Write out the data again exactly, skipping every picture.

» DATA SECTION:
++++
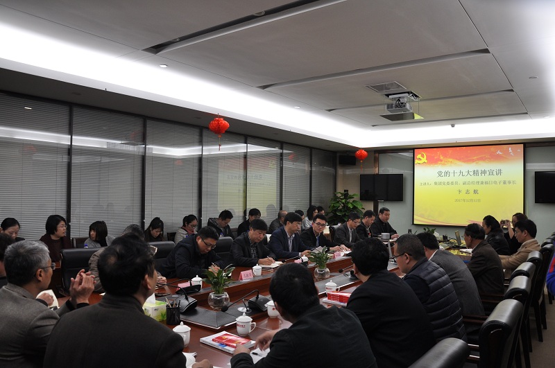 根据省电子信息集团党委统一安排,2017年12月12日下午,集团党委委员、副总经理兼尊龙凯时电子董事长卞志航到公司作党的十九大精神宣讲。尊龙凯时电子党委书记李震主持报告会,公司机关支部全体党员、本部助理以上管理人员以及成员企业、事业部副总以上领导共计40余人参会。
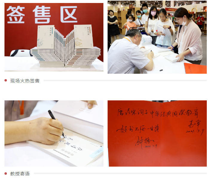 活动最后,高峰教授还进行了《唐诗导读》和《宋词导读》的现场签售。全程观摩讲座活动的南京师范大学文学院钟振振教授也即兴题词“好书不厌一生读”,为本次活动画上圆满的句号。
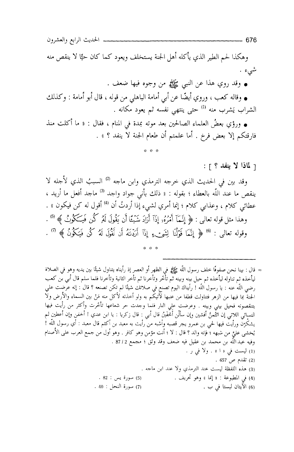 وهكذا لحمُ الطَّيرِ الذي يأكلُه أهل الجنَّة يستخلف ويعودُ كما كان حياً لا ينقص منه شيءٌ، وقد روي هذا عن النَّبيِّ - صلى الله عليه وسلم - من وجوهٍ فيها ضعفٌ (¬1) ، وقاله كعبٌ. وروي أيضاً عن أبي أمامة الباهلي من قوله، قال أبو أمامة: وكذلك الشرابُ يشرب حتى ينتهي نفَسُه، ثم يعودُ مكانَه. ورؤي بعض العلماء الصالحين بعدَ موته بمدَّة في المنام فقال: ما أكلتُ منذ فارقتكم إلاَّ بعضَ فرخٍ، أما علمتم أنَّ طعامَ الجنَّة لا ينفَدُ؟ (¬2)
++++
» PROBLEM SOLUTION:
 根据省电子信息集团党委统一安排,2017年12月12日下午,集团党委委员、副总经理兼尊龙凯时电子董事长卞志航到公司作党的十九大精神宣讲。尊龙凯时电子党委书记李震主持报告会,公司机关支部全体党员、本部助理以上管理人员以及成员企业、事业部副总以上领导共计40余人参会。
 活动最后,高峰教授还进行了《唐诗导读》和《宋词导读》的现场签售。全程观摩讲座活动的南京师范大学文学院钟振振教授也即兴题词“好书不厌一生读”,为本次活动画上圆满的句号。
 وهكذا لحمُ الطَّيرِ الذي يأكلُه أهل الجنَّة يستخلف ويعودُ كما كان حياً لا ينقص منه شيءٌ، وقد روي هذا عن النَّبيِّ - صلى الله عليه وسلم - من وجوهٍ فيها ضعفٌ (¬1) ، وقاله كعبٌ. وروي أيضاً عن أبي أمامة الباهلي من قوله، قال أبو أمامة: وكذلك الشرابُ يشرب حتى ينتهي نفَسُه، ثم يعودُ مكانَه. ورؤي بعض العلماء الصالحين بعدَ موته بمدَّة في المنام فقال: ما أكلتُ منذ فارقتكم إلاَّ بعضَ فرخٍ، أما علمتم أنَّ طعامَ الجنَّة لا ينفَدُ؟ (¬2)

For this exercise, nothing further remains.